Herr Scholtz moved his chair back slightly, looked towards Rosa, and said loudly in German: ‘Well, she was beautiful, as I have told you.’ He paused, for thought. ‘And she was an aristocrat.’

‘Yes, yes,’ said the Captain impatiently.

‘She was tall, very slim, with a beautiful body – beautiful! She had that black hair, you know, black, black! And black eyes, and beautiful teeth.’ He added loudly and spitefully towards Rosa: ‘She was not the country bumpkin type, not at all. One has some taste.’

With extreme discomfort the Captain glanced towards the plump village Rosa. He said, pointedly using English even at this late stage, ‘Mine was fair. Tall and fair. A lovely girl. Lovely!’ he insisted with a glare. ‘Might have been an English girl.’

‘Which was entirely to her credit,’ suggested Herr Scholtz, with a smile.

‘That was in 1913,’ said the Captain insistently, and then: ‘You say she had black hair?’

‘Certainly, black hair. On that occasion – but that was not the last time it happened to me.’ He laughed. ‘I had three children by my wife, a fine woman – she is now dead, unfortunately.’ Again, there was no doubt tears filled his eyes. At the sight, the Captain’s indignation soared. But Herr Scholtz had recovered and was speaking: ‘But I ask myself, how many children in addition to the three? Sometimes I look at a young man in the streets who has a certain resemblance, and I ask myself: Perhaps he is my son? Yes, yes, my friend, this is a question that every man must ask himself, sometimes, is it not?’ He put back his head and laughed wholeheartedly, though with an undertone of rich regret.

The Captain did not speak for a moment. Then he said in English, ‘It’s all very well, but it did happen to me – it did .’ He sounded like a defiant schoolboy, and Herr Scholtz shrugged.

‘It happened to me, here. In this hotel.’

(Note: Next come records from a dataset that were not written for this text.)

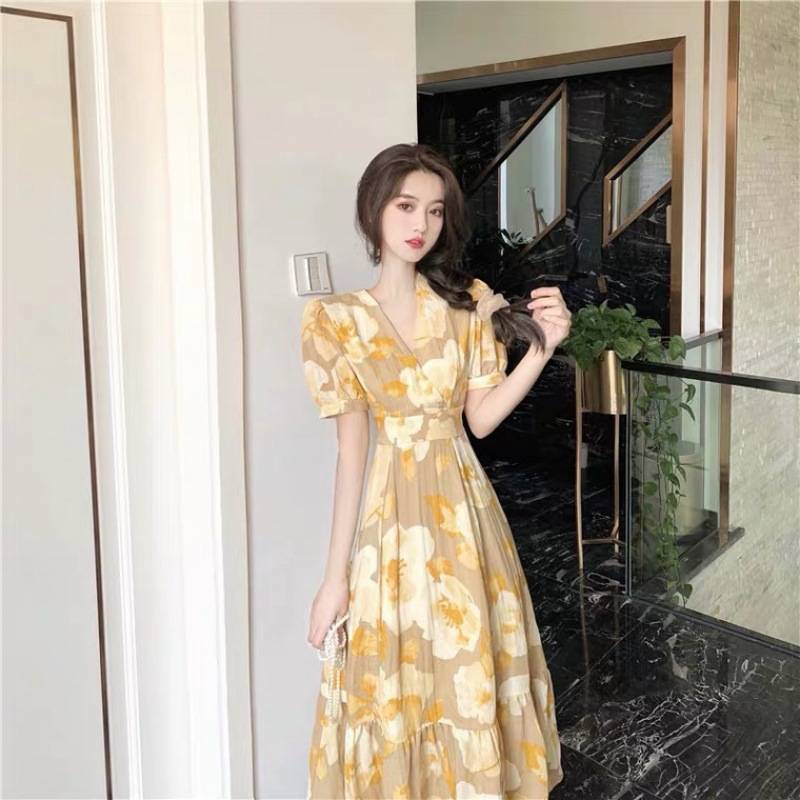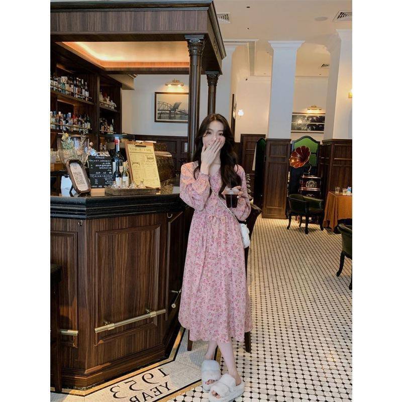 2023年夏新款赫本风可盐可甜长裙脚踝仙气森系甜美碎花连衣裙子女
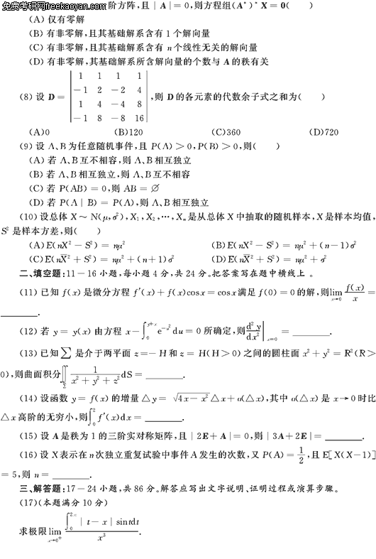 2007半岛在线注册数学考前必做三套题(数学一试卷一)
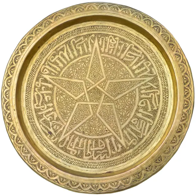 Plato Redondo Árabe de Latón de Alta Calidad con Grabado y Acabado Pulido para Uso en la Cocina y como Plato Decorativo
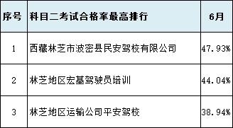 在6家林芝驾校的已公布数据中,察隅县安达驾校有限公司的3年内驾龄交通违法率最低,为0.20%;察隅县安达驾校有限公司的科目一考试合格率位列第一,为80%;此外,西藏林芝市波密县民安驾校有限公司的科目二考试合格率位列第一,为47.93%。
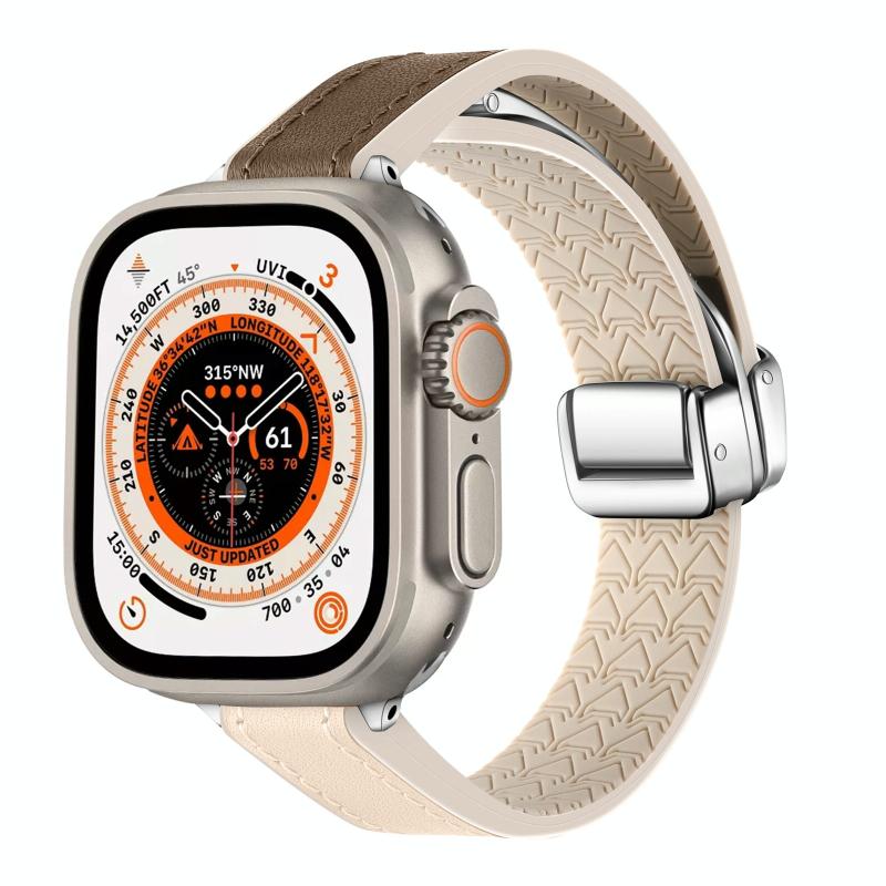 Για Apple Watch Ultra 49mm Μαγνητικό Δερμάτινο Λουρί με Σιλικόνη (Κόκκινο Ρόδι)
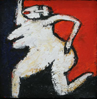 「ひとのかたち(12)」(漆喰、アクリル、水彩、油彩)で300×300cmです。
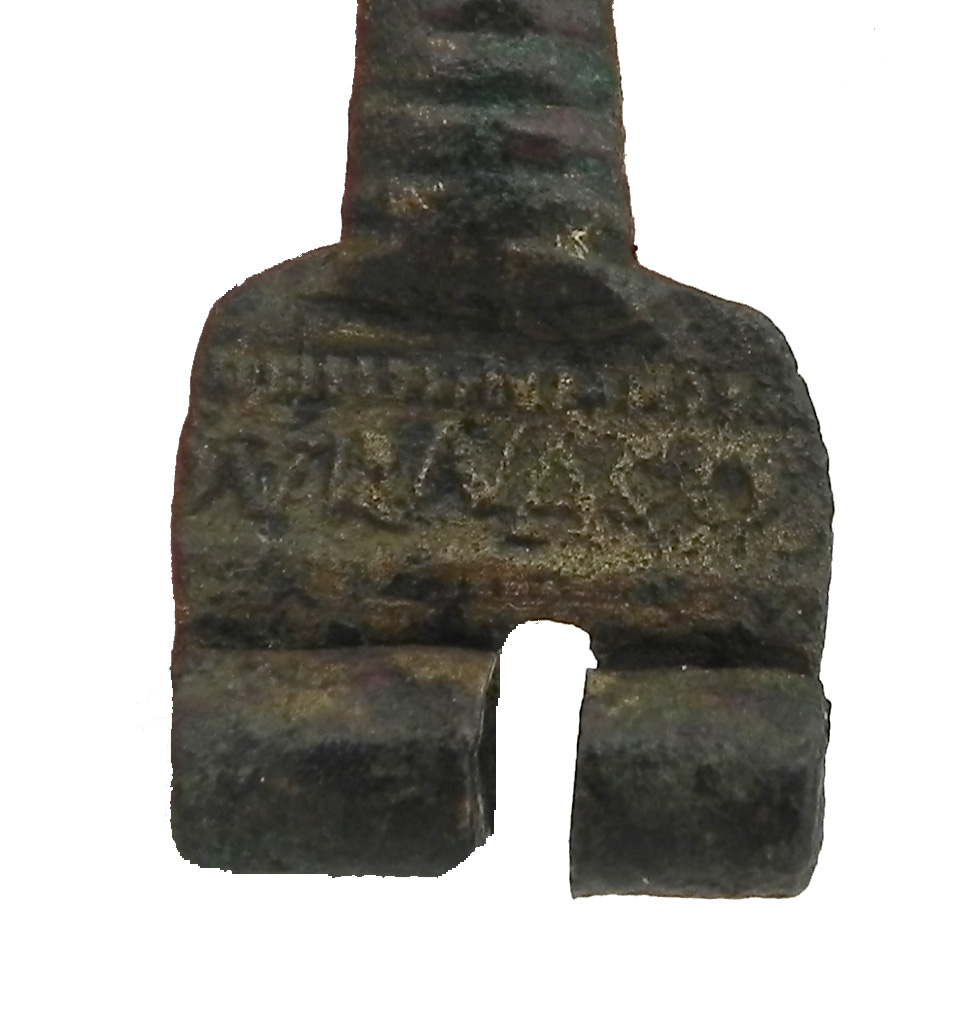 Arco stretto, con sezione verticale a 'D' decorato da incisioni orizzontali; testa larga con marchio DURNACO tra due file di decorazioni a puntini; staffa corta, piena, triangolare, chiusa all'apice da un bottoncino
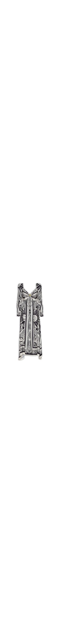 O vestido branco é confeccionado em tecido leve sem elasticidade. A peça solta ao corpo, possui decote em V, mangas longas bufantes com elástico embutido nos ombros, punho afunilado com abotoamento, recorte frontal vazado com cordão embutido com ponteira de miçanga para amarração, lastex aplicado na parte posterior, barra assimétrica, mix de estampas em cores contrastantes e comprimento longo.
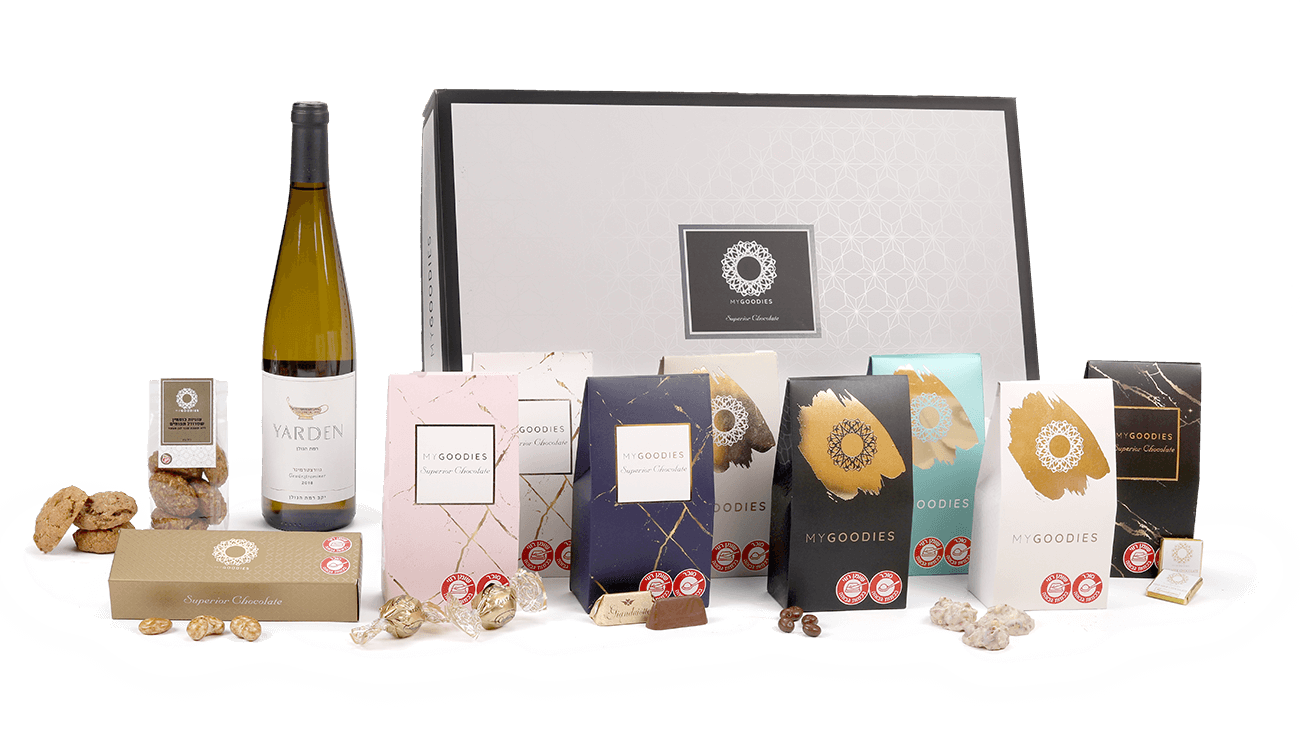 מארז שי גלקסי שחור – יין לבן גוורץ חצי יבש ומבחר פרלינים ושוקולדים
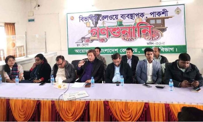 বেনাপোল রেলওয়ে স্টেশন মাস্টার আয়নাল হাসানের সভাপতিত্বে আয়োজিত গণশুনানিতে প্রধান অতিথি হিসেবে উপস্থিত ছিলেন পাকশী বিভাগীয় রেলওয়ে ব্যবস্থাপক লিয়াকত শরীফ।

Herr Scholtz controlled his irritation, glanced at Rosa, and, for the first time since the beginning of this regrettable incident, he lowered his voice to a reasonable tone and spoke English. ‘Well,’ he said, in frank irony, smiling gently, with a quiet shrug, ‘well, perhaps if we are honest we must say that this is a thing that has happened to every man? Or rather, if it did not exist, it was necessary to invent it?’

And now – said his look towards the Captain – and now, for heaven’s sake! For the sake of decency, masculine solidarity, for the sake of our dignity in the eyes of that girl over there, who has so wounded us both – pull yourself together, my friend, and consider what you are saying!

But the Captain was oblivious in memories. ‘No,’ he insisted. ‘No. Speak for yourself. It did happen. Here.’ He paused, and then brought out, with difficulty, ‘I never married.’

Herr Scholtz shrugged, at last, and was silent. Then he called out, ‘Fräulein, Fräulein – may I pay?’ It was time to put an end to it.

Rosa did not immediately turn around. She patted her hair at the back. She straightened her apron. She took her napkin from one forearm and arranged it prettily on the other. Then she turned and came, smiling, towards them. It could at once be seen that she intended her smile to be noticed.

‘You wish to pay?’ she asked Herr Scholtz. She spoke calmly and deliberately in English, and the Captain started and looked extremely uncomfortable. But Herr Scholtz immediately adjusted himself and said in English, ‘Yes, I am paying.’